What you will do: While you copy the lines below, skip the pictures and keep the rest exact.

Stored dataset items
++++++++++++++++++++

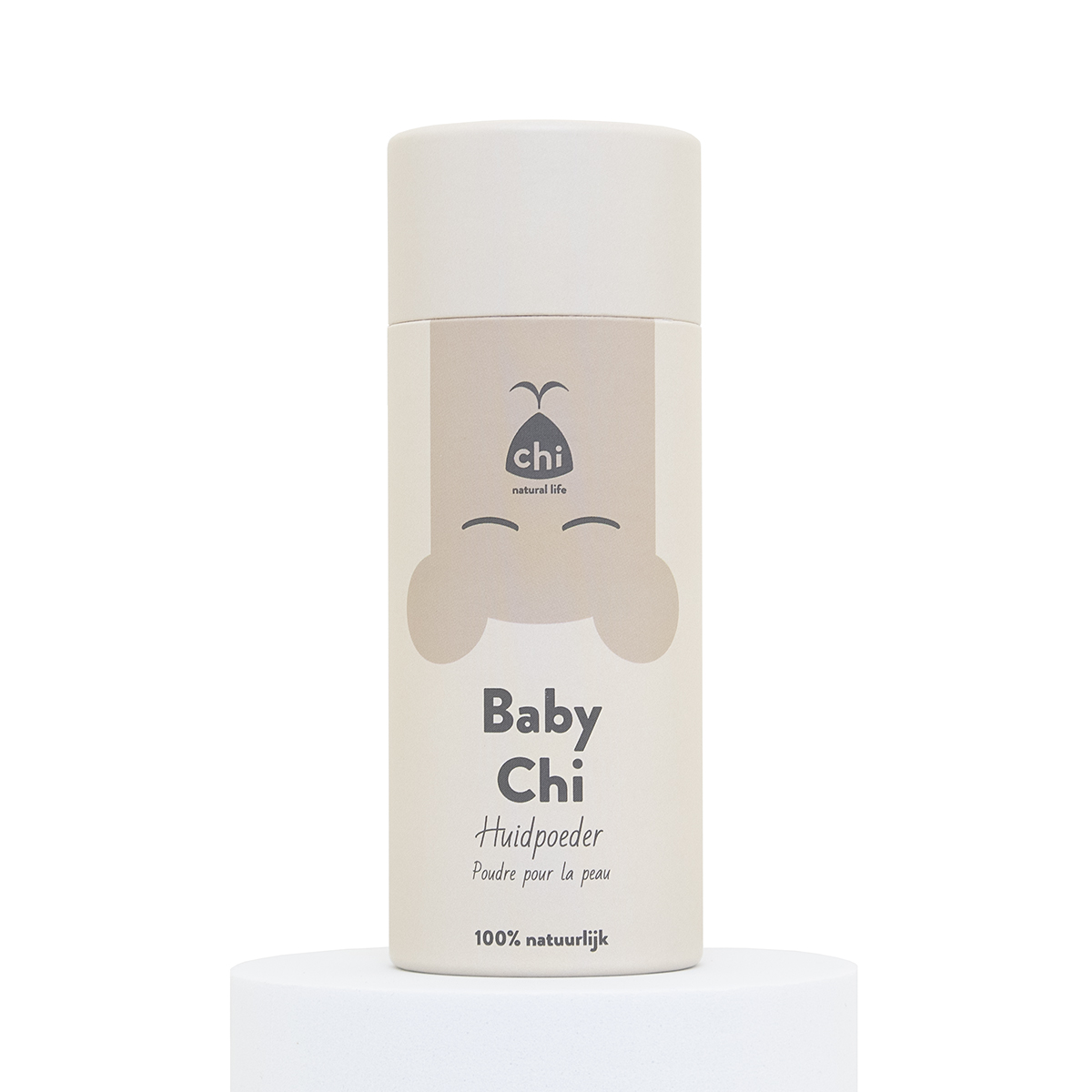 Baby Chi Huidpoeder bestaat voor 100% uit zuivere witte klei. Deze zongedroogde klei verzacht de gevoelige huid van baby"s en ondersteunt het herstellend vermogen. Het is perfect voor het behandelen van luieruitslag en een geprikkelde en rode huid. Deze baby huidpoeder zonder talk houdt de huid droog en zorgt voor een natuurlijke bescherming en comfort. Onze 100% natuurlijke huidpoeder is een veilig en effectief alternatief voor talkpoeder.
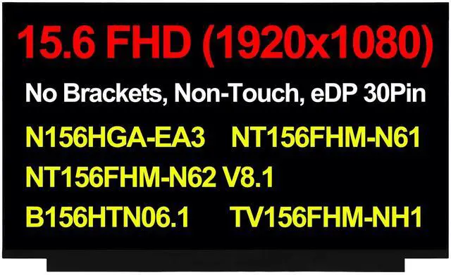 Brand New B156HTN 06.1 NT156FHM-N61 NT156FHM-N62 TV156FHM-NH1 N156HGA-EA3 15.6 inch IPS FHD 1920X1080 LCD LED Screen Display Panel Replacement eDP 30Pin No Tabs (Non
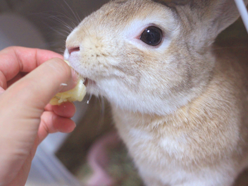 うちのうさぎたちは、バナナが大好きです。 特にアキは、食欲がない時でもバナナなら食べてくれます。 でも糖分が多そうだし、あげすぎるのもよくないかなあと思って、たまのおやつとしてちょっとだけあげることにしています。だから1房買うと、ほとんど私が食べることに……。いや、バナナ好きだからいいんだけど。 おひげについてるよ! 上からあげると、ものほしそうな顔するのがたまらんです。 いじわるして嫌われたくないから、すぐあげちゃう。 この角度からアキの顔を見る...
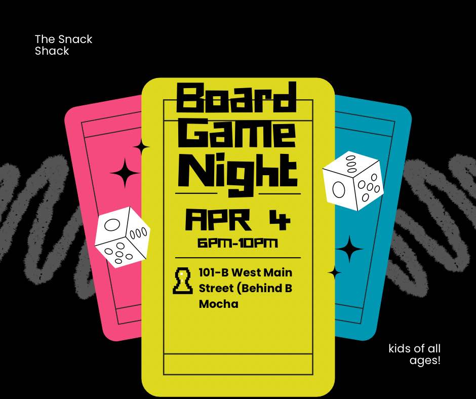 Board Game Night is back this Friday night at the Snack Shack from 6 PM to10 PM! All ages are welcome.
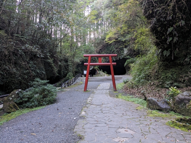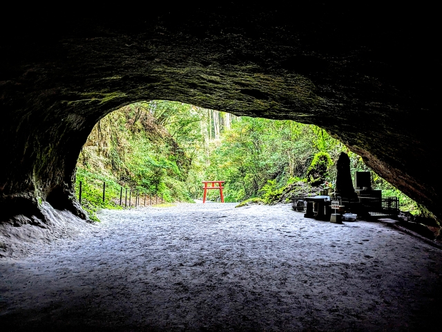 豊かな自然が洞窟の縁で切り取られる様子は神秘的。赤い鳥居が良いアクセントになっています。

++++++++++++++++++++

Solution for this exercise:
 Baby Chi Huidpoeder bestaat voor 100% uit zuivere witte klei. Deze zongedroogde klei verzacht de gevoelige huid van baby"s en ondersteunt het herstellend vermogen. Het is perfect voor het behandelen van luieruitslag en een geprikkelde en rode huid. Deze baby huidpoeder zonder talk houdt de huid droog en zorgt voor een natuurlijke bescherming en comfort. Onze 100% natuurlijke huidpoeder is een veilig en effectief alternatief voor talkpoeder.
 Brand New B156HTN 06.1 NT156FHM-N61 NT156FHM-N62 TV156FHM-NH1 N156HGA-EA3 15.6 inch IPS FHD 1920X1080 LCD LED Screen Display Panel Replacement eDP 30Pin No Tabs (Non
 うちのうさぎたちは、バナナが大好きです。 特にアキは、食欲がない時でもバナナなら食べてくれます。 でも糖分が多そうだし、あげすぎるのもよくないかなあと思って、たまのおやつとしてちょっとだけあげることにしています。だから1房買うと、ほとんど私が食べることに……。いや、バナナ好きだからいいんだけど。 おひげについてるよ! 上からあげると、ものほしそうな顔するのがたまらんです。 いじわるして嫌われたくないから、すぐあげちゃう。 この角度からアキの顔を見る...
 Board Game Night is back this Friday night at the Snack Shack from 6 PM to10 PM! All ages are welcome.
 豊かな自然が洞窟の縁で切り取られる様子は神秘的。赤い鳥居が良いアクセントになっています。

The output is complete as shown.